Аня не отвечала. Только сказала:
- Мне надо переодеваться и домой идти.
- А, ну ладно, - разочарованно протянул Святослав. - Пока.
- Пока, - шепнула девушка, когда дверь уже закрылась.

Следующим утром Аню разбудил стук в дверь.
- Анна Денисовна, вас к телефону, - говорил тоненький детский голосок.
Девушка поспешно слезла с кровати и открыла. На пороге стояла девочка лет десяти с круглыми и красными, как два яблока, щеками.
- Вас к телефону, - повторила она.
- Спасибо, - ответила Аня и направилась к доисторическому телефонному аппарату в конце коридора, шлепая тапочками по грязному линолеуму.
- Алло, - сонно и хрипло сказала девушка, добравшись до трубки.
- Привет, Аня. Это Святослав, - отозвался бархатный голос.
- А, привет. Ты не мог еще раньше позвонить?
- Разбудил?
- Да.
- Извини. Но я по делу. У меня есть друзья музыканты, и им в группу нужен клавишник. Я предложил тебя. Ты как на это смотришь?

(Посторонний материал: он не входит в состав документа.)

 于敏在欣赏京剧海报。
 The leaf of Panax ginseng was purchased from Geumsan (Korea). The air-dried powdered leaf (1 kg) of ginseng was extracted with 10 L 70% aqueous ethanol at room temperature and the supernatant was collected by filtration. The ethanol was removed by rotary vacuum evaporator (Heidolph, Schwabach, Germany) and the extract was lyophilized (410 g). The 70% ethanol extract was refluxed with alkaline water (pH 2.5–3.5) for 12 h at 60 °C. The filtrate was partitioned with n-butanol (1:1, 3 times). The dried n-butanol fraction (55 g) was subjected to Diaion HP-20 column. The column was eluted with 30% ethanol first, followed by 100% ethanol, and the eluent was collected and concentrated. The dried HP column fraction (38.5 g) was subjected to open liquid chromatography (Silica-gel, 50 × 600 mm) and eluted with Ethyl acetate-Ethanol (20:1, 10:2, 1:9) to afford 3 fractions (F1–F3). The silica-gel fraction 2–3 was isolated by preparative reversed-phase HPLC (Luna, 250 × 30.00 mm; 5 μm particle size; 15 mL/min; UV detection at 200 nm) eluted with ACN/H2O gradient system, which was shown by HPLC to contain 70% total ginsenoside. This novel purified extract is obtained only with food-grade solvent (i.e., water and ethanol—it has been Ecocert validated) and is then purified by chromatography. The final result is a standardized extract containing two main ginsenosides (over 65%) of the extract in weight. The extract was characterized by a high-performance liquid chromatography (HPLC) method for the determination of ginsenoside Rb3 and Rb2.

- Отлично я на это смотрю! Когда мне подойти на прослушивание?
- Они к тебе сами придут - на концерт в ДК. Так что отдыхай.

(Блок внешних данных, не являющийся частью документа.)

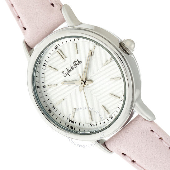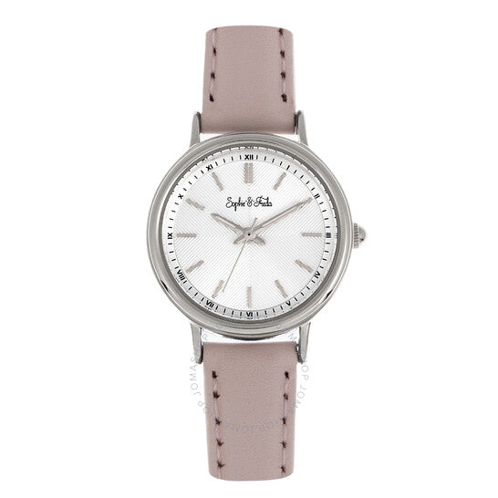 علبة من سبيكة معدنية فضية اللون مع حزام من الجلد الأصلي بلون وردي فاتح. إطار ثابت من سبيكة معدنية فضية اللون. ميناء فضي اللون مع عقارب وعلامات ساعات فضية اللون. علامات دقائق حول الحافة الخارجية. نوع الميناء: تناظري. حركة كوارتز. زجاج معدني مقاوم للخدش. تاج قابل للسحب/الدفع. غطاء خلفي صلب. شكل دائري، مقاس العلبة: ٢٦ مم، سمكها: ٨ مم. عرض السوار: ١٢ مم. مشبك بإبزيم. مقاومة للماء حتى عمق ٣٠ مترًا / ١٠٠ قدم. الوظائف: الساعات، الدقائق، الثواني. تصميم كاجوال. علامة الساعة: Japan Movt. رقم الموديل: SAFSF4804. ساعة صوفي وفريدا برلين كوارتز نسائية بمينا فضية SF4804.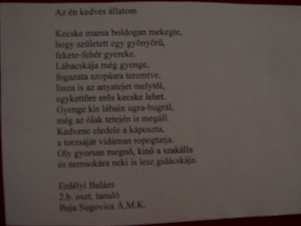 Különdíj: Majoros Szofi (Sándorfalva Pallavicini Sándor Általános Iskola)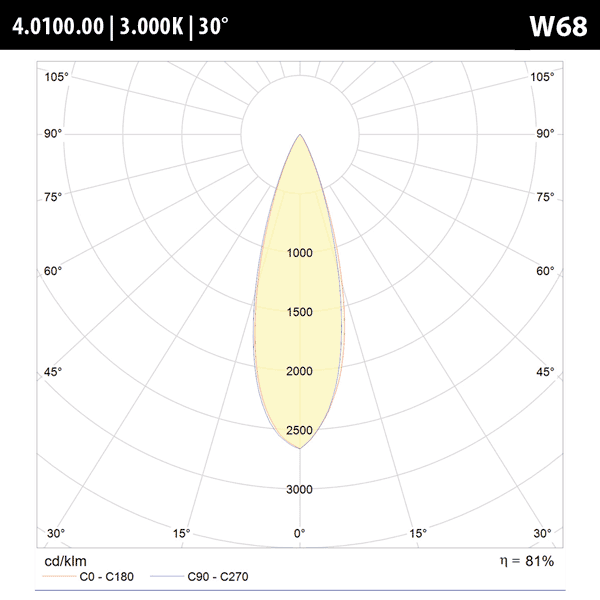 | 4.0100.30.11 | 4 POW-LED | 2300 lm | 6000K cold white | total 18 W | CC 1200mA @12 V-DC | 30° medium | UW, 2x1,5 qmm | ||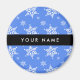 Imã Flocos de neve brancos, azuis, seu nome, personali
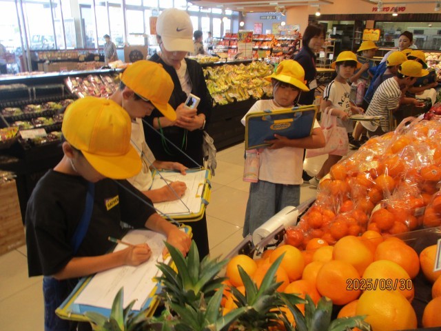 今日は社会科の学習で、ヤオコー藤代店へ見学に行きました。グループに分かれて店内見学やバックヤード見学をしました。普段は入ることができないお店の裏側に潜入できた子供たちは、大興奮でした。買い物に行くときとはまた違った視点で店内を見て回り、びっしりメモをしていました。副店長さんに質問をしたあとは、おすすめの商品の試食もあって、大喜びの子供たちでした。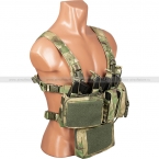 Лёгкий тактический нагрудник, имеет компактные размеры и широкий диапазон регулировки размеров. Позволяет разместить минимально необходимый боезапас и самое необходимое вспомогательное снаряжение, когда критически важна мобильность и малый вес. Вмещает 4 магазина АК или М серии, 2 пистолетных магазина, есть подсумок для документов, гранаты или рации, а также утилитарная набедренная сумка средних размеров, которую можно снять при желании.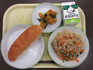 小型玄米パン、牛乳、冷やし中華、フライドベジタブルでした。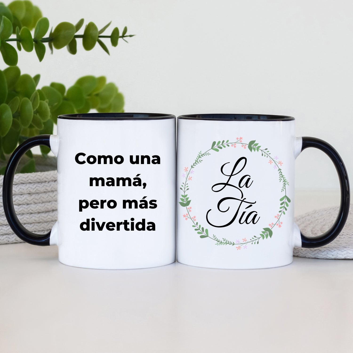 The ultimate mug for the auntie with personality! One side reads “La Tía” and the other says “Como una mamá, pero más divertida”—a playful twist on a classic role that’s sure to make her smile with every sip.

- Спасибо. А что за группа-то?
- "Эклектика" называется. Играют рок, мешая туда все - от джаза до фолка. Неплохо получается. Ребята хорошие. Их три человека сейчас - клавишник уехал в Питер недавно. А так - парни за ударными и басом, девушка на вокале и гитаре. Ты вот теперь четвертая будешь.

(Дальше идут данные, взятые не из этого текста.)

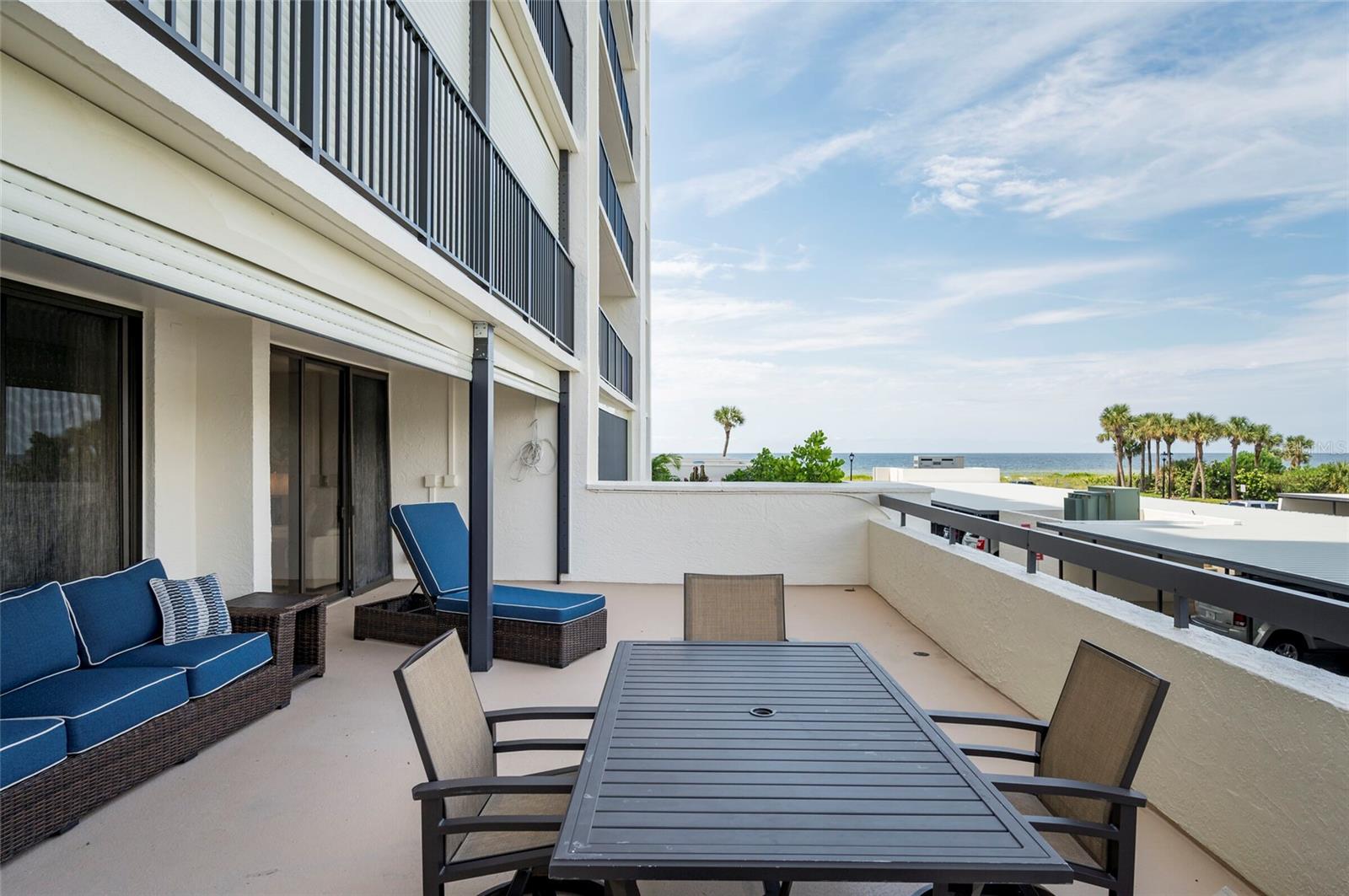 UNIDADE RARA - VARANDA GRANDE DE 500 pés quadrados! Saia da sua residência na praia direto para a área da piscina, sem necessidade de elevador! Este condomínio de luxo totalmente mobiliado e pronto para uso oferece uma planta aberta impecável com dois quartos amplos e dois banheiros de inspiração spa requintadamente renovados. O piso de cerâmica flui por toda parte, realçando o ambiente sofisticado. A cozinha de conceito aberto e a área de estar estendem-se perfeitamente até o pátio de grandes dimensões, onde as vistas deslumbrantes do Golfo e da Intracoastal o aguardam. Este espaço ao ar livre altamente cobiçado é perfeito para entreter ou desfrutar de um pôr do sol hipnotizante. Atualizações notáveis incluem persianas anti-furacão, tetos lindamente texturizados, AC mais recente, aquecedor de água e lavadora/secadora. Ambas as casas de banho foram recentemente remodeladas, apresentando cores modernas e acabamentos premium. A suíte master é um retiro privado, com acabamentos requintados e portas de correr que dão acesso ao pátio, mesclando a vida interna e externa. Situados em um condomínio de prestígio perto dos restaurantes sofisticados e das boutiques de Sand Key, os moradores desfrutam de uma piscina em estilo resort com amplo espaço para relaxar, cabanas Tiki para reuniões e acesso direto às areias brancas e imaculadas da praia. O prédio também oferece uma sala comunitária para realização de eventos de maior porte. Este condomínio inclui estacionamento coberto (#108) e um armário de armazenamento (#108). Com sua localização privilegiada, você está a poucos passos das vibrantes lojas de Sand Key e de restaurantes renomados como Columbia e Backwaters. O bonde, cujo local de coleta está convenientemente localizado fora da comunidade, oferece fácil acesso às abundantes opções de restaurantes, compras e entretenimento de Clearwater. O Aeroporto Internacional de Tampa fica a 20 minutos de carro, e Tampa e São Petersburgo estão próximas para aventuras sem fim.

- Может, и не возьмут еще.
- Смешно. Ну ладно, иди дальше спи, а то ночью все работаешь.
- Хорошо. Пока.
- Пока.
Аня повесила трубку и, радостно улыбаясь, почти вприпрыжку побежала в комнату.
Закрыв на защелку дверь, девушка стала рыться в сундуке - ей хотелось выглядеть как-то по-новому. И она нашла голубое платье вместо привычного черного.
- Вот и отлично, - сказала она, глядя на себя в зеркало. - А не постричь ли волосы? Нет, жалко.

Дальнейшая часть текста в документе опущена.